The Church in the Barrio: Mexican American Ethno-Catholicism in Houston
- Author: Roberto R. Treviño
- Publisher: University of North Carolina Press
- Publication date: 2006

= The Church in the Barrio =

2006 book by Roberto R. Treviño

The Church in the Barrio: Mexican American Ethno-Catholicism in Houston is a 2006 book by Roberto R. Treviño, published by the University of North Carolina Press. The work covers the years 1911-1972 and discusses the relationship between the Mexican-American community and the Catholic church, and the "ethno-Catholicism" among Houston's Mexicans. This ethno-Catholism consisted of the cultural interaction between Irish American priests, religious practices of the indigenous Mexicans, and Mexican customs.

Mary E. Odem of Emory University wrote that "According to Trevino, ethno-Catholicism was more than a set of religious beliefs and practices; it was a way of life that sustained generations of Mexicans and Mexican Americans in Houston". José F. Aranda Jr. of Rice University wrote that "From beginning to end, Treviño demonstrates why Houston should no longer remain virtually neglected by Chicano/a researchers." Michael P. Carroll of the University of Western Ontario argued that the book's title did not adequately cover the entire scope of the subject; Carroll characterized this as a "mild complaint".

==Background==
Treviño grew up in Houston within the Mexican community. He is an associate professor of history at the University of Texas at Arlington, where he works as the Center for Mexican American Studies assistant director. Treviño is a Presbyterian. The book originated as a Stanford University PhD dissertation.

Treviño's sources for the book include church archival material and records, located in Houston, Austin, and San Antonio in Texas and in Chicago. The archives include parish records. Other sources include family papers; oral histories; organizational papers; unpublished letters, religious and secular newspapers, including Catholic newspapers and Spanish-language newspapers; and eighteen interviews. Laura Premack of the University of North Carolina-Chapel Hill stated that the sourcing's "breadth and depth are one of the book’s major strengths."

F. Arturo Rosales of Arizona State University stated that the book was the first published book to use "a micro-methodology" to examine the Catholic church relationship with Mexican Americans.

==Contents==
The book includes the chapters, an index, a bibliography, illustrations, and notes. The illustrations include 21 photographs, four maps, and three tables.

John Barnhill, an independent scholar from Houston, stated "The style is lucid
and interesting, making the work accessible to scholars and lay people alike." Premack stated "the overall clarity and readability of the prose" is a positive for the book.

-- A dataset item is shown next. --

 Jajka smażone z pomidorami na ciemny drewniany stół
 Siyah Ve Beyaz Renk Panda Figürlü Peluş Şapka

Carroll stated that "What I consistently found impressive about the analysis presented in this book is that Treviño refuses to succumb to the temptation to think in terms of simple dichotomies."

Treviño perceived similarities within Mexican ethno-Catholicism and Italian American (of Southern Italy) ethno-Catholicism. Carroll wrote "I can not recall anyone making this point as precisely as Treviño." Carlos Kevin Blanton of Texas A&M University stated "While perhaps outside the study’s focus, this intriguing connection haunts the pages for a more sustained analysis." Treviño also compares the Catholicism of Cuban Americans and Puerto Ricans in the 50 States and Washington DC to the Catholicism of Mexican Americans.

===Chapters===
The book uses thematic chapters, which Todd Kerstetter of Texas Christian University stated "function almost as a collection of essays", as opposed to a narrative. There are seven main chapters, each having a particular topic. Most chapters cover the book's entire time period.

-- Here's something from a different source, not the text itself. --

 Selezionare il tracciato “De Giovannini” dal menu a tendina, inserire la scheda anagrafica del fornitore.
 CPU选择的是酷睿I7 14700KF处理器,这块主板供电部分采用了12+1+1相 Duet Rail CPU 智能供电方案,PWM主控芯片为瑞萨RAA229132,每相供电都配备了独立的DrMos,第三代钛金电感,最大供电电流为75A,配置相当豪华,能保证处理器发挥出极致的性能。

The first chapter documents the beginning of the Houston Mexican community and the evolution of Catholicism in the Mexican community. Premack stated that the chapter had "remarkably clear historical background" and that it "could be quite useful for
teaching undergraduates".

In order, the remaining chapters discuss ethno-Catholicism itself, poverty, the expansion of the Catholic church, the Mexican-American identity and the commitment to the faith, social action, and the Chicano movement. Some of the subsequent chapters are specifically dedicated to Mexican-Catholic church relations. Kerstetter added that "Parts, especially those covering the most recent events, read more like anthropology than history. Readers looking for theology will not find much here, but they will find solid social history."

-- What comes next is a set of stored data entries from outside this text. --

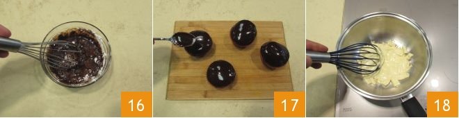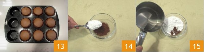 Once ready, take them out of the oven and let them cool. Then prepare the chocolate glaze: in a saucepan, heat the water, then in a bowl, add the cocoa powder and powdered sugar 14 and pour in the hot water 15,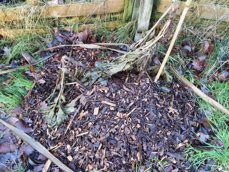 Ich nutze inzwischen nur Feldahornlaub als Winterschutz, zu einem Hügel um die zu schützende Pflanze aufgeschüttet und mit Fichtenzweigen gegen Verwehen abgedeckt.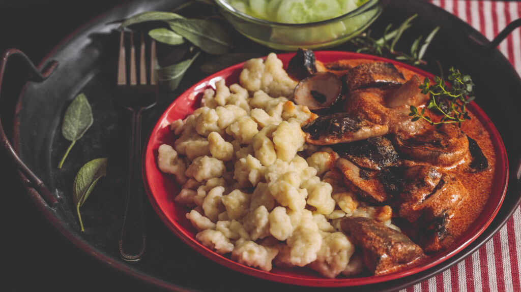 Galuska, avagy nokedli: gombapaprikás nokedlivel és uborkasalátával. (Fotó: Eva-Katalin, Getty Images)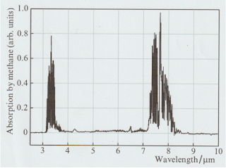 It is found that “greenhouse” gases do not absorb all the radiation falling on them. They only absorb radiation of certain wavelengths. In the case of Methane it only absorbs radiation in two narrow bands centred on 3.5 microns and 8 microns. This means that those two wavelengths are not detected by the spectrometer. There are dark lines in the spectrometer in these places, because the Methane has absorbed the radiation in those two wavelengths. A micron is a wavelength of a millionth of a metre. The graph below gives the absorption spectra of greenhouse gases. In other words, the graph gives the wavelengths of the Infra Red radiation (heat), from the Earth, that the molecules of that gas will absorb. I have drawn vertical lines though the peaks of Methane. The two absorption wavelength bands for Methane are the red blips.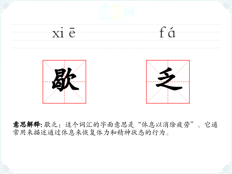 歇乏:这个词汇的字面意思是“休息以消除疲劳”。它通常用来描述通过休息来恢复体力和精神状态的行为。

The epilogue covers the post-1970s period. Kerstetter stated "The epilogue surveys how the book's themes fared during the last three decades of the twentieth century." The chapter topics include an increase in evangelical Protestantism in the Hispanic and Latino world, an increase in immigration from Latin America, and a decrease in political power of left-wing movements. Carroll stated that the author "suggests" that since the 1960s and early 1970s Mexican-American influence declined due to the increased categorizing of their pastoral and social issues into "a more general (and vague) concern with multiculturalism" and Mexican concerns being "increasingly subsumed" into pan-Hispanic concerns. Carroll stated that this occurred despite the fact that "Mexican American ethno-Catholicism itself remains vibrant".

==Reception==
Blanton concluded that the book "seldom disappoints" and that it "describes Mexican American Catholicism in all its fascinating, vibrant dimensions and offers a perceptive, sophisticated, and balanced interpretation of the subject in one of the nation’s largest cities." Blanton stated that the author needed to further explain the comparison between Mexican and Italian ethno-Catholicism and that the author "neglects the ideological framework of Mexican Americans from the 1930s to the 1960s", but Blanton believed that the issues "do not diminish the book’s excellence."

Carroll concluded that "This is, quite simply, one of the best books that I have read on the Catholic experience in America, and I recommend it highly."

John T. Ford of the Catholic University of America stated that the book is an "admirably researched study" that "not only provides an informative and interesting account of Mexican Americans and the Roman Catholic Church in Houston, but also could well serve as an excellent model for similar case studies elsewhere."

Kristy Nabhan-Warren of Augustana College wrote that "Overall, this is a finely wrought portrait of Mexican American lived religion that makes important and substantial contributions to scholarship on U.S. Catholicism, Mexican American history, ethnic and urban studies, and American religious history."

Odem stated "Roberto R. Trevino makes a welcome contribution to Chicano history".

Premack believed that "the good treatment of gender" was another positive; she wrote that she wanted additional exploration of "the fascinating tension between inclusion and outsiderness" and relations between the Mexican-American Evangelical and ethno-Catholic "identities".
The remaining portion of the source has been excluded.